» SUPPLIED INFORMATION:
....

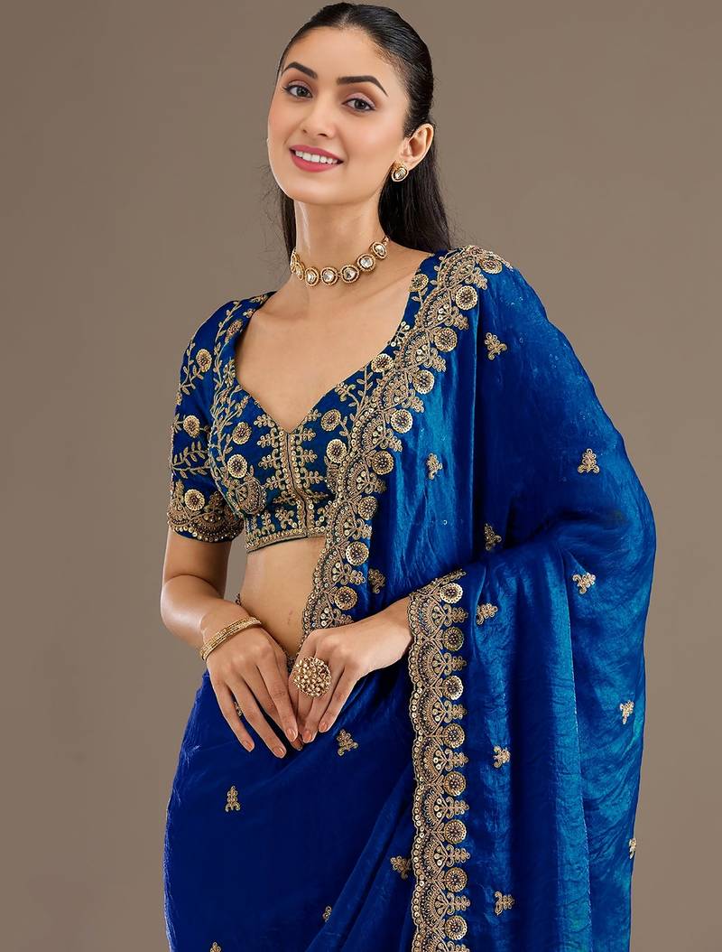 | Product Name | Amazing Royal Blue Embroidered Tissue Silk Reception Wear Saree With Blouse | |
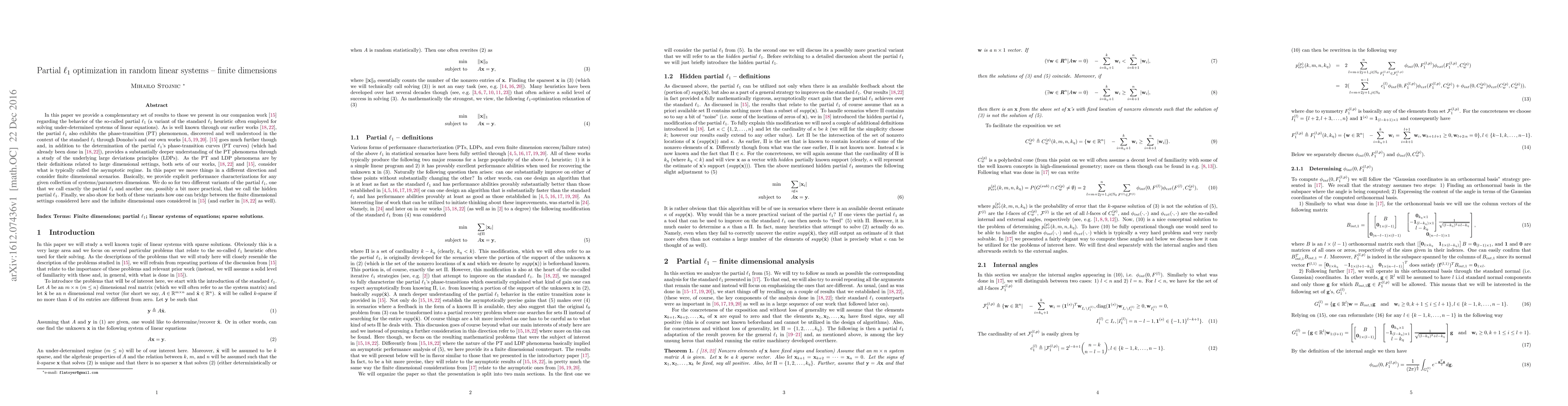 In this paper we provide a complementary set of results to those we present in our companion work \cite{Stojnicl1HidParasymldp} regarding the behavior of the so-called partial $\ell_1$ (a variant of the standard $\ell_1$ heuristic often employed for solving under-determined systems of linear equations). As is well known through our earlier works \cite{StojnicICASSP10knownsupp,StojnicTowBettCompSens13}, the partial $\ell_1$ also exhibits the phase-transition (PT) phenomenon, discovered and well understood in the context of the standard $\ell_1$ through Donoho's and our own works \cite{DonohoPol,DonohoUnsigned,StojnicCSetam09,StojnicUpper10}. \cite{Stojnicl1HidParasymldp} goes much further though and, in addition to the determination of the partial $\ell_1$'s phase-transition curves (PT curves) (which had already been done in \cite{StojnicICASSP10knownsupp,StojnicTowBettCompSens13}), provides a substantially deeper understanding of the PT phenomena through a study of the underlying large deviations principles (LDPs). As the PT and LDP phenomena are by their definitions related to large dimensional settings, both sets of our works, \cite{StojnicICASSP10knownsupp,StojnicTowBettCompSens13} and \cite{Stojnicl1HidParasymldp}, consider what is typically called the asymptotic regime. In this paper we move things in a different direction and consider finite dimensional scenarios. Basically, we provide explicit performance characterizations for any given collection of systems/parameters dimensions. We do so for two different variants of the partial $\ell_1$, one that we call exactly the partial $\ell_1$ and another one, possibly a bit more practical, that we call the hidden partial $\ell_1$.
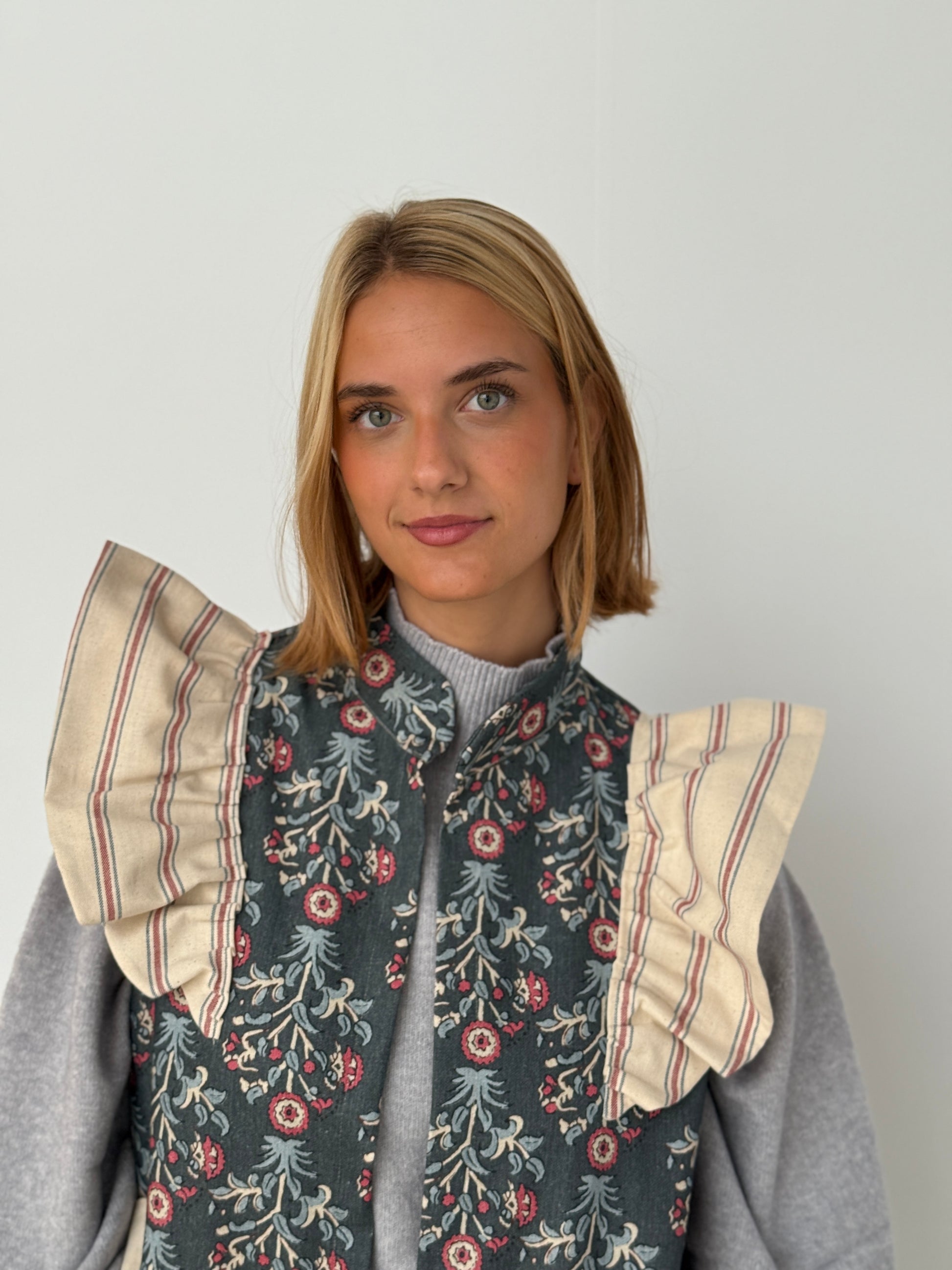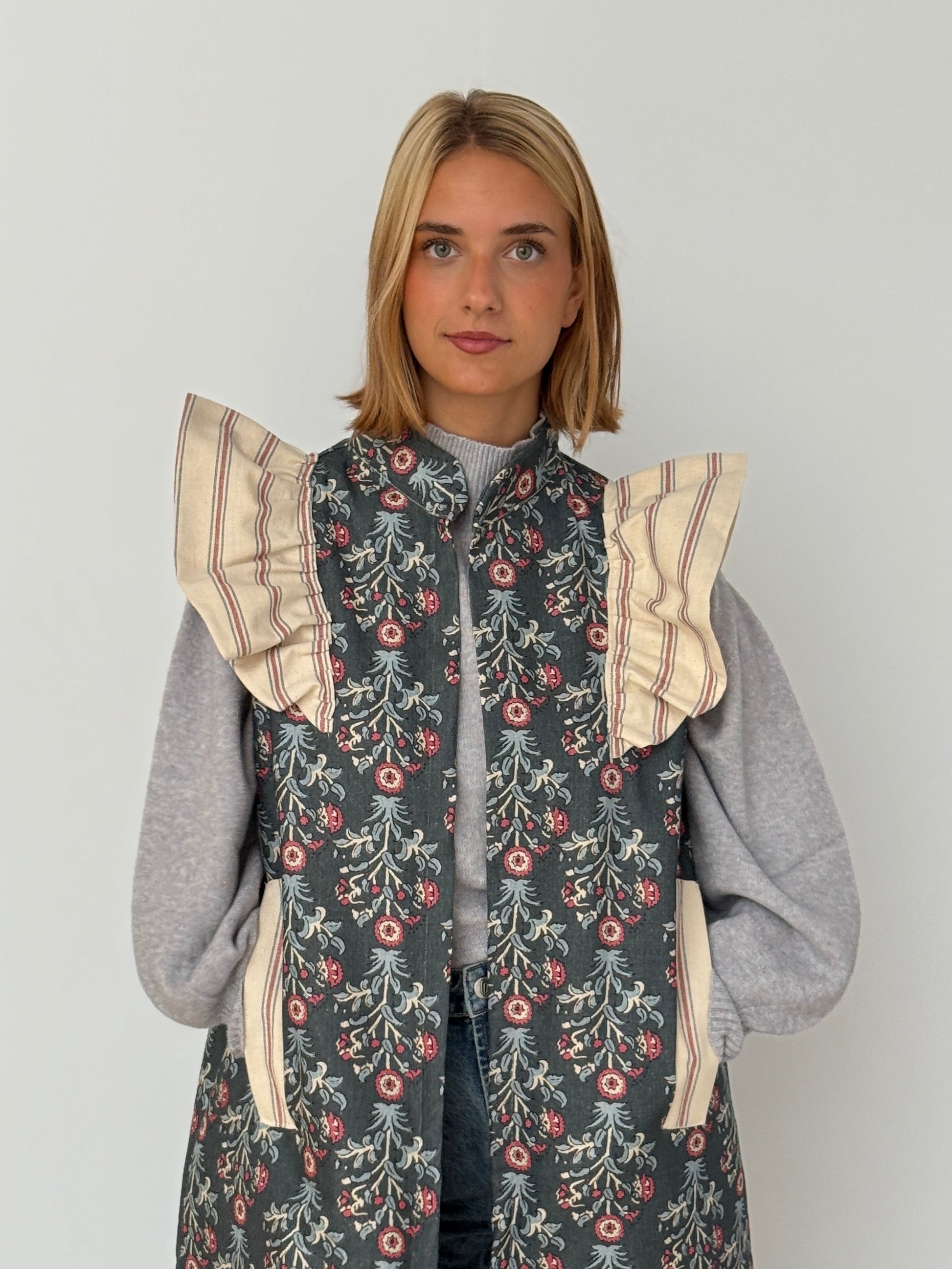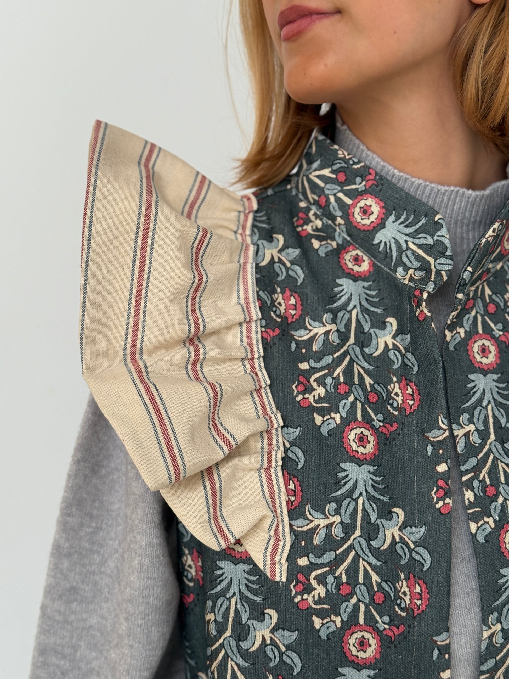 Chaleco 100% diseñado y confeccionado artesanalmente. Con una tela muy especial y un color único muy de moda, resalta por sus volantes plisados en el hombro que estilizan muchísimo. Ideal tanto para tus looks mas informales con tus jeans preferidos, como para ir arreglada a cualquier ocasión especial. Una prenda única que no dejará indiferente a nadie. Talla única.

....

» WHAT THIS TASK INVOLVES: Restate the whole listing exactly as written, minus the pictures.

» SOLUTION TO THIS TASK:
 | Product Name | Amazing Royal Blue Embroidered Tissue Silk Reception Wear Saree With Blouse | |
 In this paper we provide a complementary set of results to those we present in our companion work \cite{Stojnicl1HidParasymldp} regarding the behavior of the so-called partial $\ell_1$ (a variant of the standard $\ell_1$ heuristic often employed for solving under-determined systems of linear equations). As is well known through our earlier works \cite{StojnicICASSP10knownsupp,StojnicTowBettCompSens13}, the partial $\ell_1$ also exhibits the phase-transition (PT) phenomenon, discovered and well understood in the context of the standard $\ell_1$ through Donoho's and our own works \cite{DonohoPol,DonohoUnsigned,StojnicCSetam09,StojnicUpper10}. \cite{Stojnicl1HidParasymldp} goes much further though and, in addition to the determination of the partial $\ell_1$'s phase-transition curves (PT curves) (which had already been done in \cite{StojnicICASSP10knownsupp,StojnicTowBettCompSens13}), provides a substantially deeper understanding of the PT phenomena through a study of the underlying large deviations principles (LDPs). As the PT and LDP phenomena are by their definitions related to large dimensional settings, both sets of our works, \cite{StojnicICASSP10knownsupp,StojnicTowBettCompSens13} and \cite{Stojnicl1HidParasymldp}, consider what is typically called the asymptotic regime. In this paper we move things in a different direction and consider finite dimensional scenarios. Basically, we provide explicit performance characterizations for any given collection of systems/parameters dimensions. We do so for two different variants of the partial $\ell_1$, one that we call exactly the partial $\ell_1$ and another one, possibly a bit more practical, that we call the hidden partial $\ell_1$.
 Chaleco 100% diseñado y confeccionado artesanalmente. Con una tela muy especial y un color único muy de moda, resalta por sus volantes plisados en el hombro que estilizan muchísimo. Ideal tanto para tus looks mas informales con tus jeans preferidos, como para ir arreglada a cualquier ocasión especial. Una prenda única que no dejará indiferente a nadie. Talla única.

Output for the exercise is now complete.